1. \begin{align*} && g(x) &= \frac{2x^3+3}{x^4+4} \\ \Rightarrow && g'(x) &= \frac{6x^2(x^4+4) - (2x^3+3)(4x^3)}{(x^4+4)^2} \\ &&&= \frac{-2x^6-12x^3+24x^2}{(x^4+4)} \\ &&&= \frac{-2x^2(x^4+6x-12)}{(x^4+4)} \end{align*} So \(g'(x)\) is not \(0\) for \(x = \pm 1\). We can also note that \(g(-1) = \frac1{5} \neq 1\) Even if the other turning point was \(1\), we would also need to check the behaviour as \(x \to \pm \infty\). We can also note that \(g(-1) = \frac{1}{5} < \frac34\) so the conclusion is also not true.

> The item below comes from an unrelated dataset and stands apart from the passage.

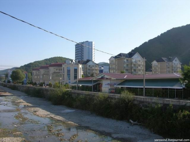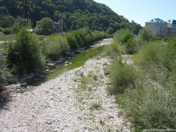 Прямо по центру поселка проложено бетонное русло, по которому весной и после дождей течет река. К осени она полностью пересыхает.
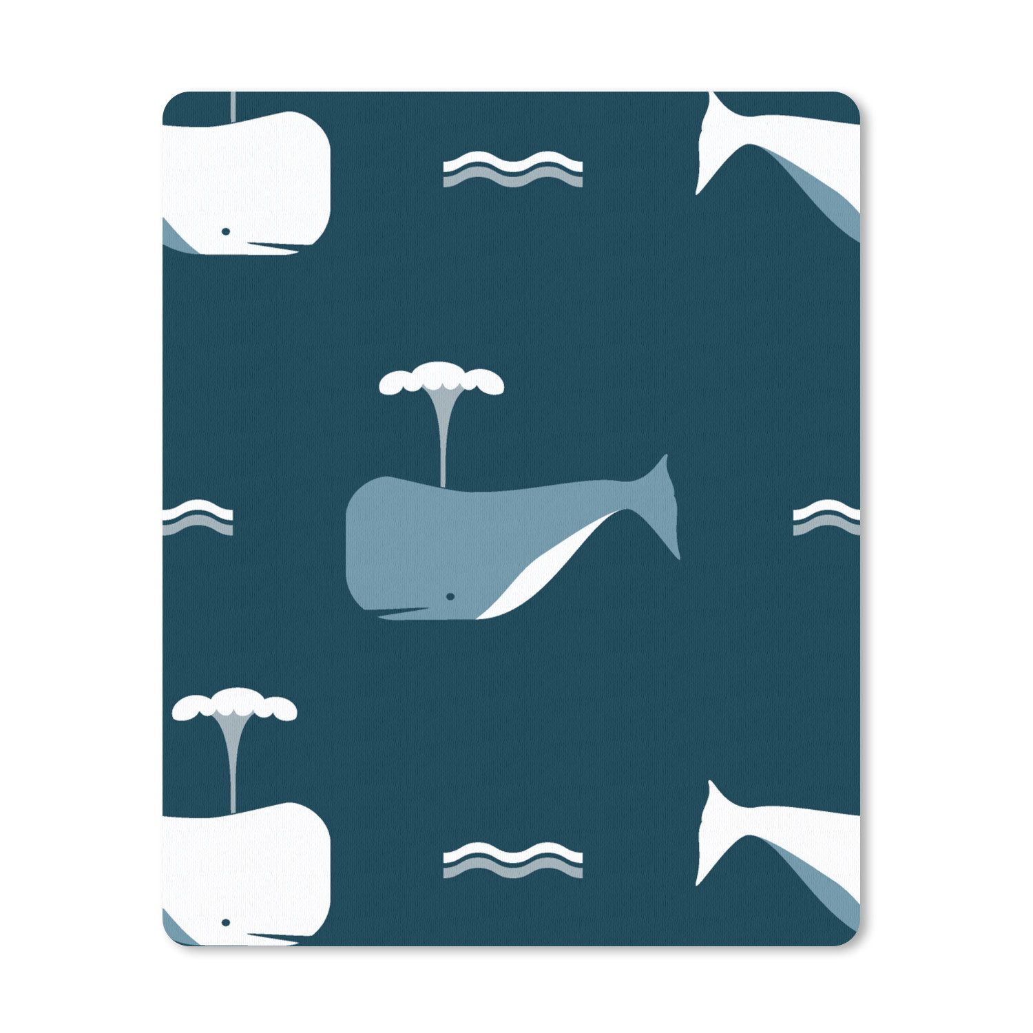 Muster eines Wals, der vor einem dunkelblauen Hintergrund Wasser versprüht.

2. There are several errors. \[ \int (1-x)^{-3} \d x = \underbrace{\frac{1}{4}}_{\text{correct constant}}(1-x)^{-4} + \underbrace{C}_{\text{constant of integration}} \] We cannot integrate through the asymptote at \(1\). There is a sense in which we could argue \(\displaystyle \int_{-1}^3 (1-x)^{-3} \d x = 0\), specifically using Cauchy principal value \begin{align*} \mathrm {p.v.} \int_{-1}^3 (1-x)^{-3} &=\lim_{\epsilon \to 0} \left [ \int_{-1}^{1-\epsilon} (1-x)^{-3} \d x+ \int_{1+\epsilon}^{3} (1-x)^{-3} \d x\right] \\ &=\lim_{\epsilon \to 0} \left [ \left[ \frac14 (1-x)^{-4}\right]_{-1}^{1-\epsilon}+ \left[ \frac14 (1-x)^{-4}\right]_{1+\epsilon}^3\right] \\ &=\lim_{\epsilon \to 0} \left [ \frac14 \epsilon^{-4}-\frac14 \frac1{2^4} + \frac14 \frac1{2^4} - \frac14 \epsilon^{-4} \right] \\ &= \lim_{\epsilon \to 0} 0 \\ &= 0 \end{align*} However, in many normal ways of treating this integral it would be undefined.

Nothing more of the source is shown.